Catch-all parser for folders or archives of plain documents — Markdown, text, PDF, JSON, CSV.

The files source is the everything-else parser. Point it at a folder or archive of documents and it ingests one item per file, with the body extracted from the most common formats.

It's the right source for personal notes you don't keep in Notion, miscellaneous PDFs, downloaded reference docs, and any one-off corpora that don't fit a more specific source.

Get the export

There's nothing to download. Either:

  • Pass a folder path containing the files you want ingested, recursively.
  • Or pass an archive (.zip, .tar.gz, .tgz) — it will be extracted into staging/ first.

Register the export

Folder:

bash
vault add-export \
  --source files \
  --path ~/Documents/notes \
  --account personal

Archive:

bash
vault add-export \
  --source files \
  --path ~/Downloads/research-papers.zip \
  --account research

What gets ingested

File typeHow it's parsed
.md, .markdownBody is the Markdown text. Front-matter (if YAML) lands in metadata.
.txtBody is the raw text.
.pdfBody is text extracted page-by-page.
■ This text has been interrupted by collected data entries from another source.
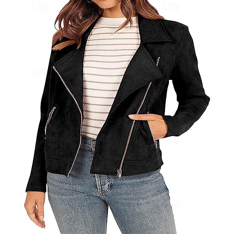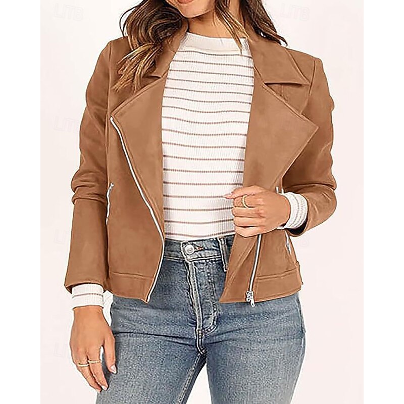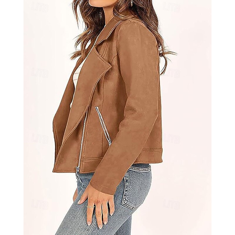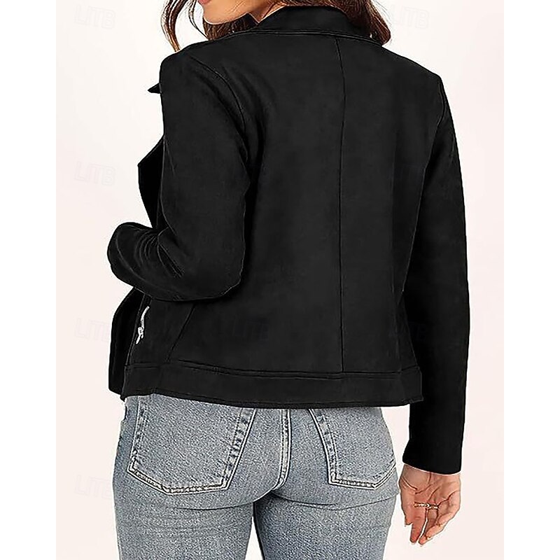 This Women's Faux Leather Jacket Warm soft Zipper Pocket Fashion Casual Plain Vacation Street Casual Daily Wear Short Turndown Regular Fit Long Sleeve Outerwear Black Navy Blue Camel Fall Winter combines elegant design with practical functionality. Every detail has been carefully considered to ensure you get the best possible experience. The finest construction means this product will serve you well for years to come.
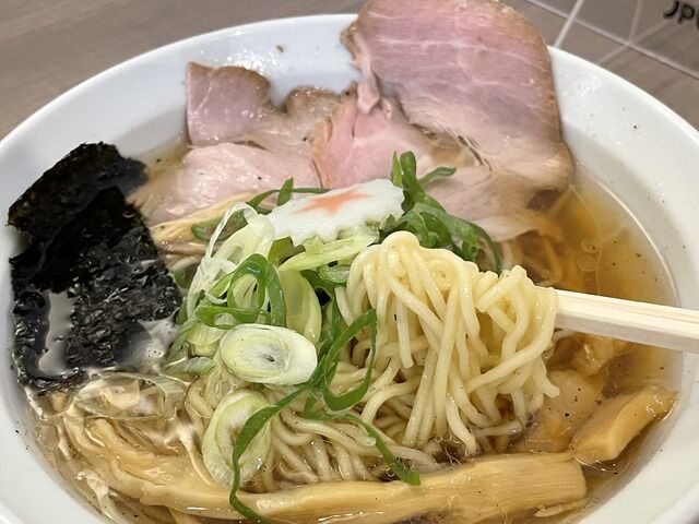 スープはさらさらの清湯醤油味。片口イワシ、燻製平子節、烏賊節等を大量に使用という煮干し出汁全開のスープ。奇をてらわないあっさりながら風味の立ったコクと深くうま味豊かなスープがすごく美味しい!
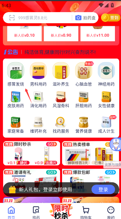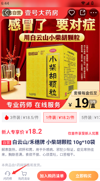 1、通过搜索框输入药品名称或浏览分类找到目标商品,点击进入该药品的详细介绍页面。
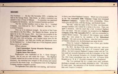 On the 15th November 1859. a meeting was held in the George Hotel. Dale Street at which a resolution was passed to raise a Corps of riflemen A committee was appointed to organise the formation and the Liverpool Scottish was born.
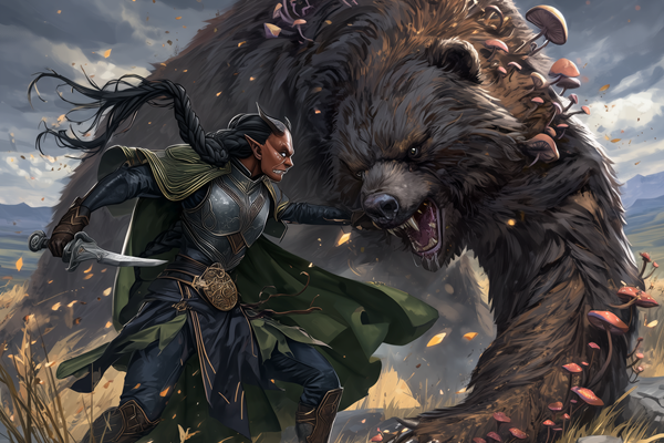 Daro battles the entangled bear.
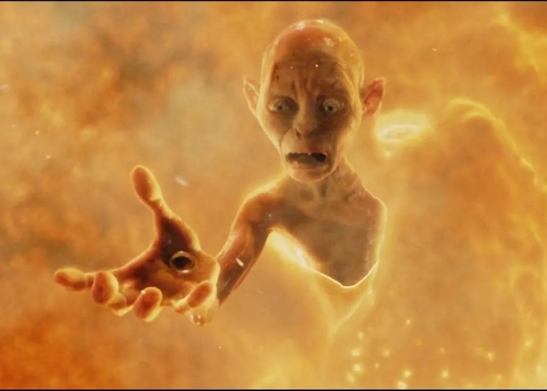 咕噜跌入烈焰,佛罗多却仍有一线生机,在悬挂着的悬崖之上,是山姆的呼唤,在岩浆之中,是还没有被毁灭的魔戒。

Page count recorded in metadata.
.json, .jsoncBody is the pretty-printed JSON; structure not normalized further.
.csvBody is the CSV (preserved verbatim); columns inferred from the header.
Other extensionsSkipped silently. Filenames still recorded as item_media.

For each ingested file:

  • kind=document
  • ts is the file's mtime when no better timestamp is in the body.
  • The directory hierarchy is preserved as tags (notes/journal/2025 becomes three tags).

Ingest it

bash
vault ingest --source files
vault
$ vault ingest --source files
Walking ~/Documents/notes ...
found 412 .md, 18 .pdf, 47 .txt, 6 .csv
documents: 483
Run 18 completed in 4.2s

Caveats

  • PDF extraction is approximate. Scanned PDFs without an OCR layer come through as empty bodies. Run them through OCR first if you want them searchable.
  • Large files are still ingested whole. A multi-MB JSON file will become a multi-MB item body — consider chunking very large files yourself before pointing the parser at them.
  • No deduplication across sources. A document also ingested via notion won't be detected as a duplicate of the same file ingested via files — they have different source slugs and so different dedup keys. Pick one source per document.
  • Hidden files and .git/ directories are skipped. Symlinks are not followed.